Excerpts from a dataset
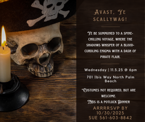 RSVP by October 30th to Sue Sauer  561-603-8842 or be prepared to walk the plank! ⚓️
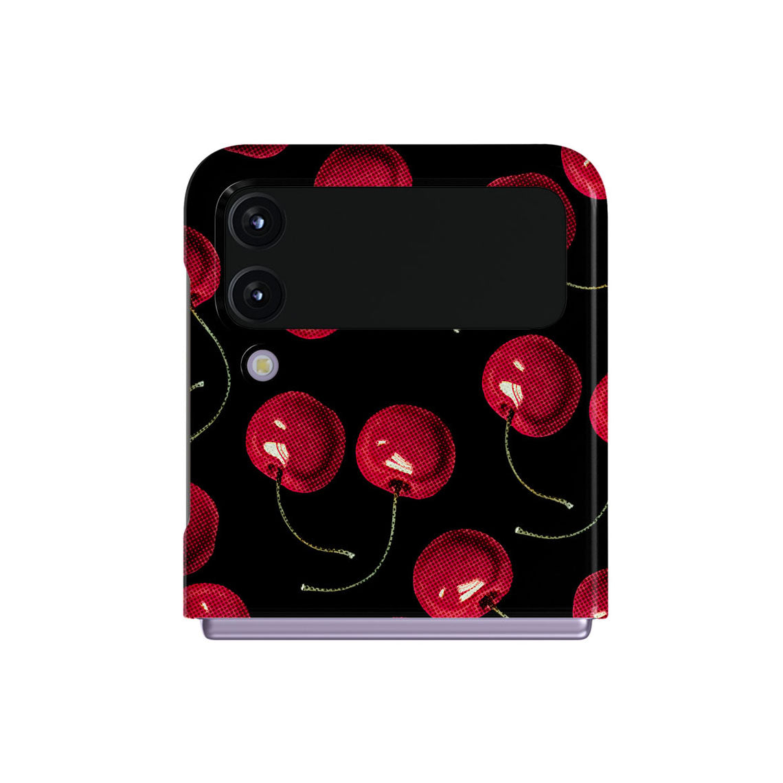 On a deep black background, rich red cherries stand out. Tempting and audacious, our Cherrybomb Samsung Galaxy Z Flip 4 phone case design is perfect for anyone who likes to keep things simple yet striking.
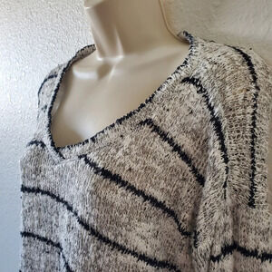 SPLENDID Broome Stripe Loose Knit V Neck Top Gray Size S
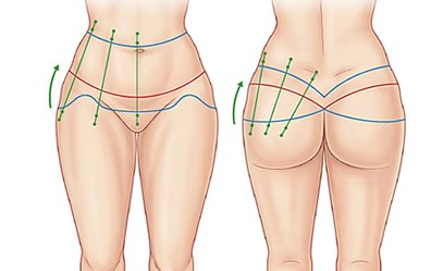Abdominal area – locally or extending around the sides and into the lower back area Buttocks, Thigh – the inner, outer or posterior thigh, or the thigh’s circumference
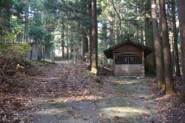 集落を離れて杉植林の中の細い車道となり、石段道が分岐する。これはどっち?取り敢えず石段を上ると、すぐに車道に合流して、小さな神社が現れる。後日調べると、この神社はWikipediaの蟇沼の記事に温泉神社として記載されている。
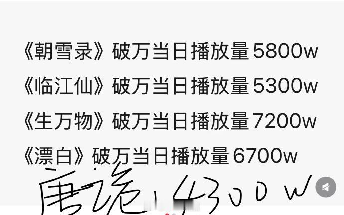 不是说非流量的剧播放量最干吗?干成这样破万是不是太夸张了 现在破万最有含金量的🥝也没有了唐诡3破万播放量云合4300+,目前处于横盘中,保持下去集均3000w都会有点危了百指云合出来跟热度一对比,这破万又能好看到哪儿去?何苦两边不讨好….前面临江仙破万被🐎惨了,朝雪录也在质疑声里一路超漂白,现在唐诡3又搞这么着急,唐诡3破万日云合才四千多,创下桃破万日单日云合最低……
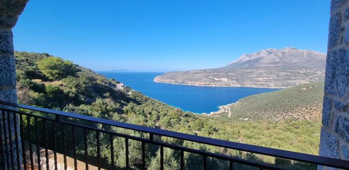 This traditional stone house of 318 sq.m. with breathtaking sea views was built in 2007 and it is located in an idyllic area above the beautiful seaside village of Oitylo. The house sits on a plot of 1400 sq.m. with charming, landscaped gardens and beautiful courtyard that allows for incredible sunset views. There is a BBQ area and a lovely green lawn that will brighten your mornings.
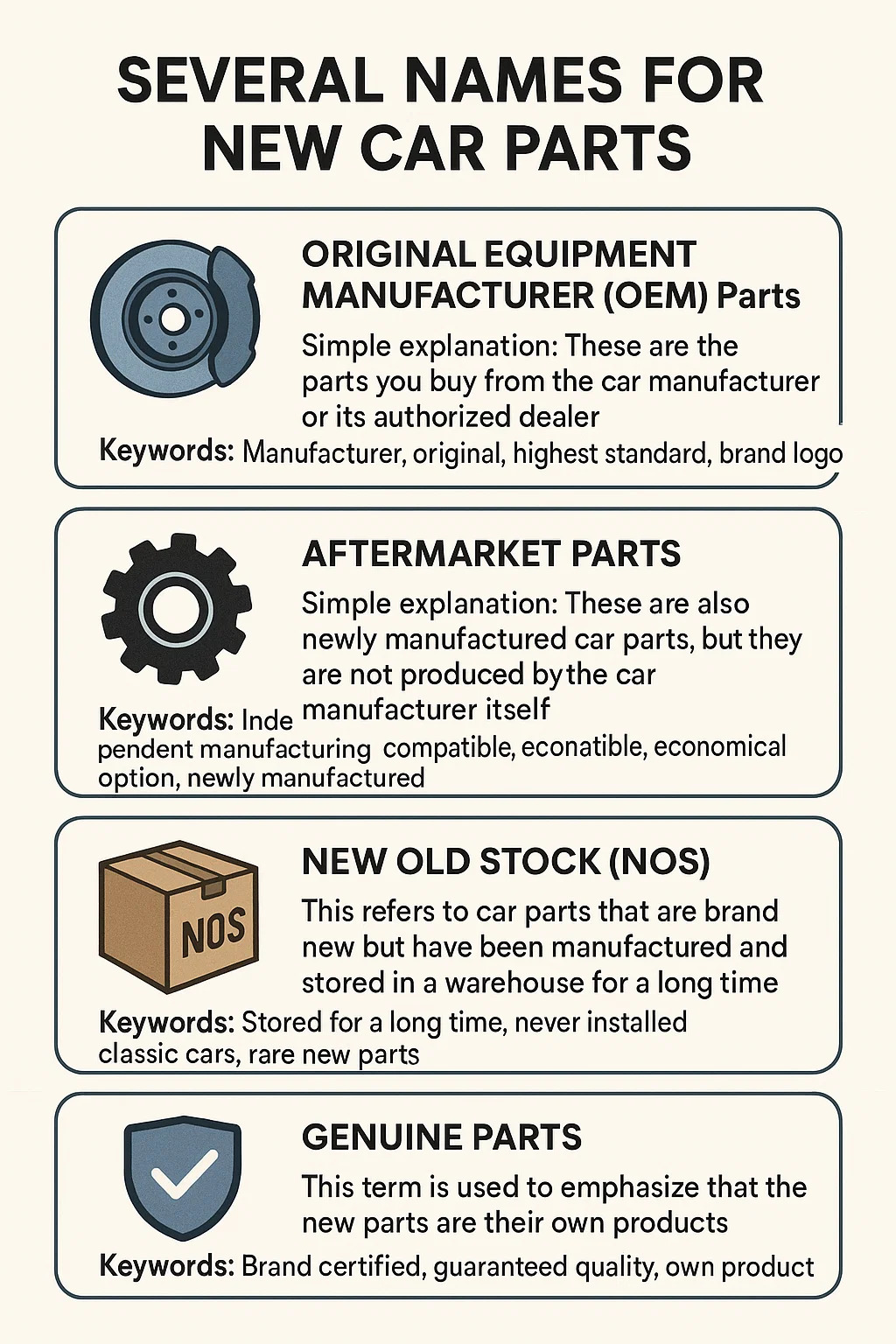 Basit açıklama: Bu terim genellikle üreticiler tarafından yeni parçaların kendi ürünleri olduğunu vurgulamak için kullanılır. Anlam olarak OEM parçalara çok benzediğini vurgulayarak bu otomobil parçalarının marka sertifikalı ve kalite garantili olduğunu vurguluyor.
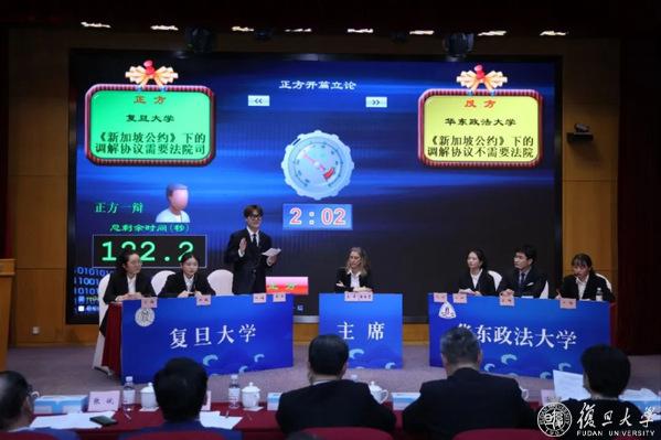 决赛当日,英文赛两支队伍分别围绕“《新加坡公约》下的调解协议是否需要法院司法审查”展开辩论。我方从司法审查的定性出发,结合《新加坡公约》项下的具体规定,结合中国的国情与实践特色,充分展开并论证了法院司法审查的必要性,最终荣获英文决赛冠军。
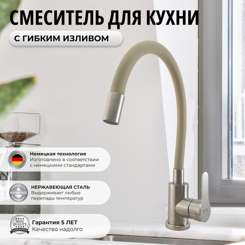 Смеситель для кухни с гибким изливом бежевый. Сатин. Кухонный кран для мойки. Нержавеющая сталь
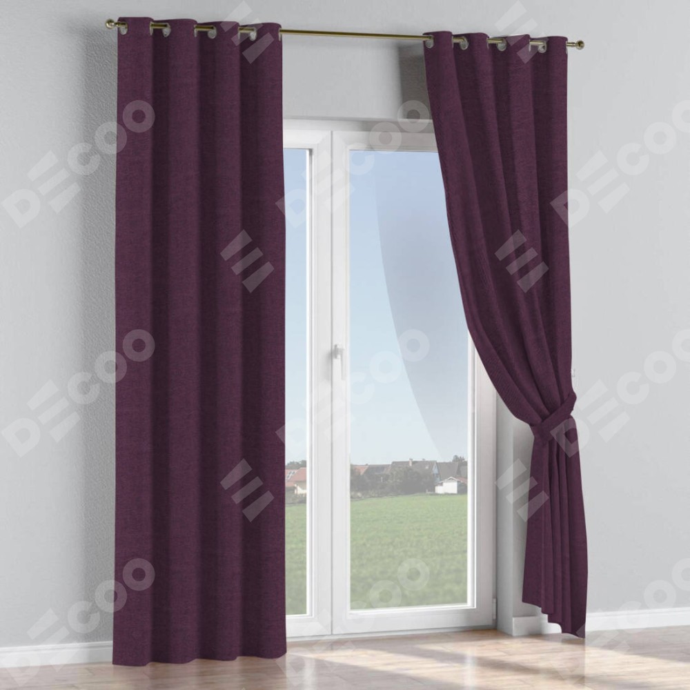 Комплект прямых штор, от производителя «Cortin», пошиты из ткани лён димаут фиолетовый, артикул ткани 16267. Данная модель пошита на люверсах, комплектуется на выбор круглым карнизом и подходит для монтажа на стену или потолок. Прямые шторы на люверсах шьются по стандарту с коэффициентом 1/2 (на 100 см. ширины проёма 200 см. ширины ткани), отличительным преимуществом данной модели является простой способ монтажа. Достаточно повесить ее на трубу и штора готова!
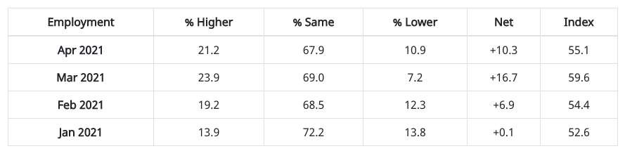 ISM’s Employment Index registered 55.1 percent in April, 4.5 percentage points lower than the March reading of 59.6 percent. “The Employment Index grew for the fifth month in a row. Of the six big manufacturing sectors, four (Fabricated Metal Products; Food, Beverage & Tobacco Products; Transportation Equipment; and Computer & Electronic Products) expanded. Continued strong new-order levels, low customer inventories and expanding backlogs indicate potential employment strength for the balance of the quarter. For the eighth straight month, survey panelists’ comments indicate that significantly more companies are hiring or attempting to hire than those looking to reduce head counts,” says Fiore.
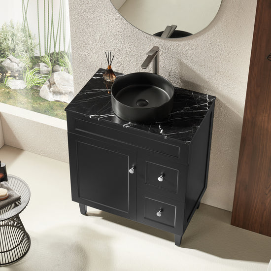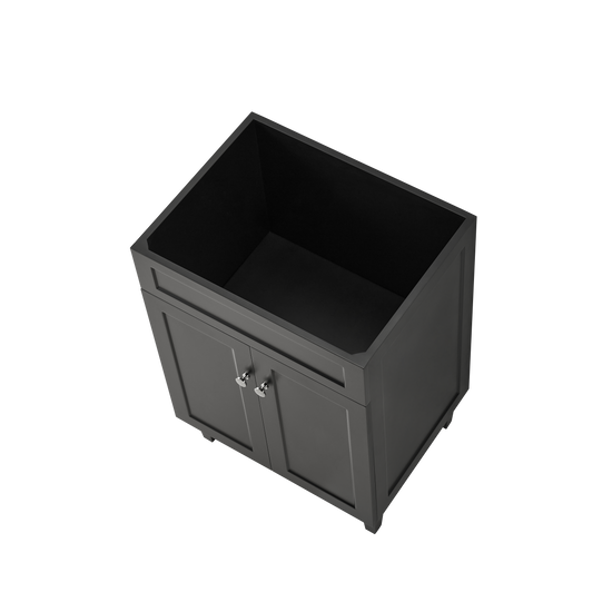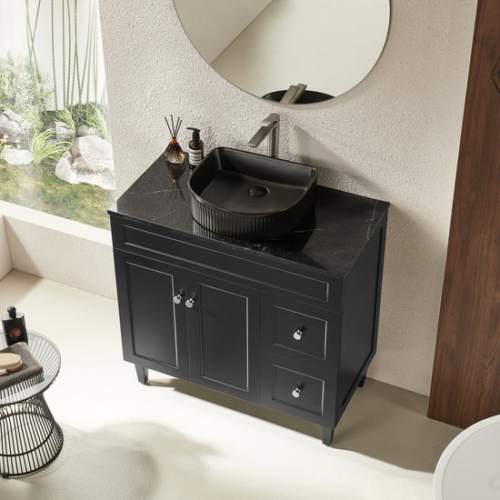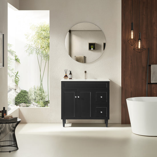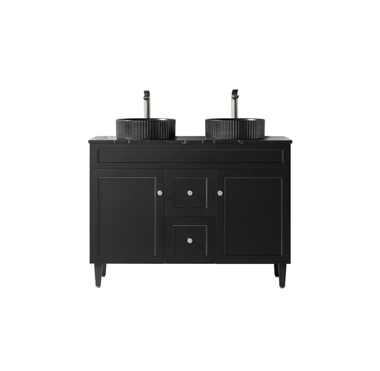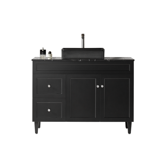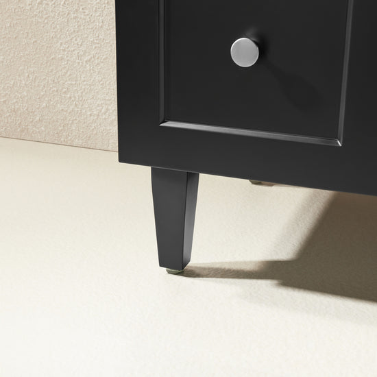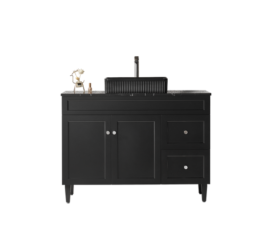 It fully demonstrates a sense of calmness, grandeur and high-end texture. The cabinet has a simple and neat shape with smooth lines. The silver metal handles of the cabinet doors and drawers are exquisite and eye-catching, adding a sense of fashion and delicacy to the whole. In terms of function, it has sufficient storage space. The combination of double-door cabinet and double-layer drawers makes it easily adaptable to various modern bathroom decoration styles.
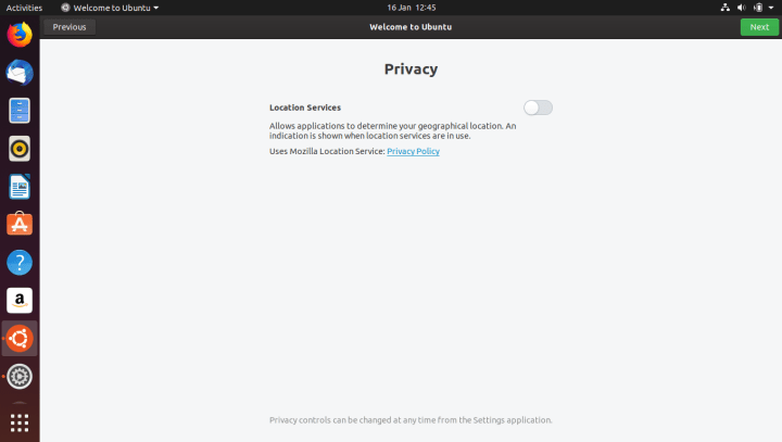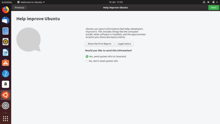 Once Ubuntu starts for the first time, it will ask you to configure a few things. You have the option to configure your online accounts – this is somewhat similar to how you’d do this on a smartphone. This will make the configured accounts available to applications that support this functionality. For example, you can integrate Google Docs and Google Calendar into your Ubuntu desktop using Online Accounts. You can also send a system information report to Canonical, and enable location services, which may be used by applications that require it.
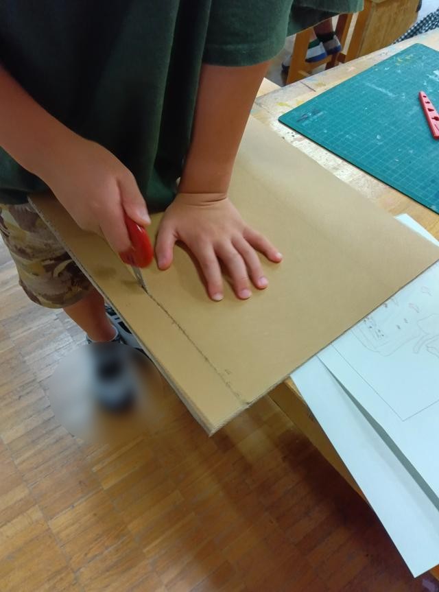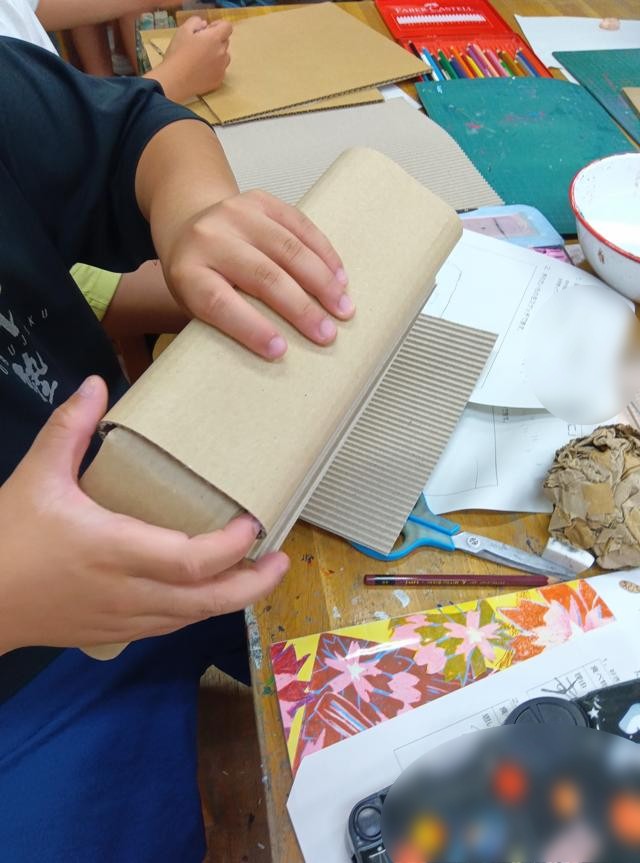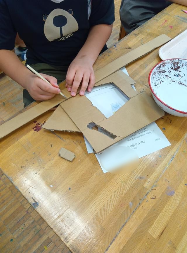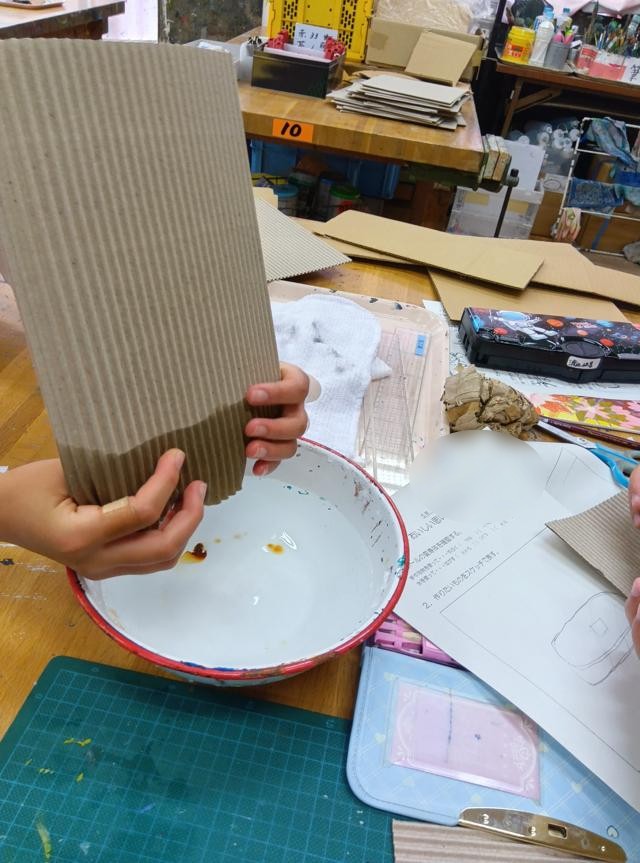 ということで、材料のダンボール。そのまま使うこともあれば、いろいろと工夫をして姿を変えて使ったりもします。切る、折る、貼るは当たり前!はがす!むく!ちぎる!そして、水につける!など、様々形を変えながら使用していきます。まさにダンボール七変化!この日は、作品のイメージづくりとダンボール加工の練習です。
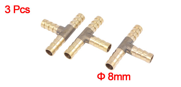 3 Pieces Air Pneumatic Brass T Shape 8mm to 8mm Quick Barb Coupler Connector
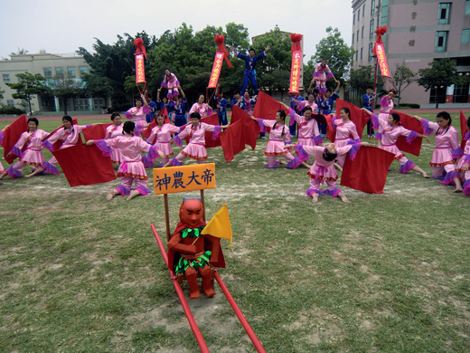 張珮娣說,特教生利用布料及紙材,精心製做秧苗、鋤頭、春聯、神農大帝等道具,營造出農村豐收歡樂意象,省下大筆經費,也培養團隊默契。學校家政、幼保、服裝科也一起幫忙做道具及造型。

**EXERCISE INSTRUCTIONS:**
The required answer is the lines from the one that contains "Once Ubuntu starts" through the last line of the records, restated word for word, with every picture dropped.

**RESPONSE TO THE EXERCISE:**
 Once Ubuntu starts for the first time, it will ask you to configure a few things. You have the option to configure your online accounts – this is somewhat similar to how you’d do this on a smartphone. This will make the configured accounts available to applications that support this functionality. For example, you can integrate Google Docs and Google Calendar into your Ubuntu desktop using Online Accounts. You can also send a system information report to Canonical, and enable location services, which may be used by applications that require it.
 ということで、材料のダンボール。そのまま使うこともあれば、いろいろと工夫をして姿を変えて使ったりもします。切る、折る、貼るは当たり前!はがす!むく!ちぎる!そして、水につける!など、様々形を変えながら使用していきます。まさにダンボール七変化!この日は、作品のイメージづくりとダンボール加工の練習です。
 3 Pieces Air Pneumatic Brass T Shape 8mm to 8mm Quick Barb Coupler Connector
 張珮娣說,特教生利用布料及紙材,精心製做秧苗、鋤頭、春聯、神農大帝等道具,營造出農村豐收歡樂意象,省下大筆經費,也培養團隊默契。學校家政、幼保、服裝科也一起幫忙做道具及造型。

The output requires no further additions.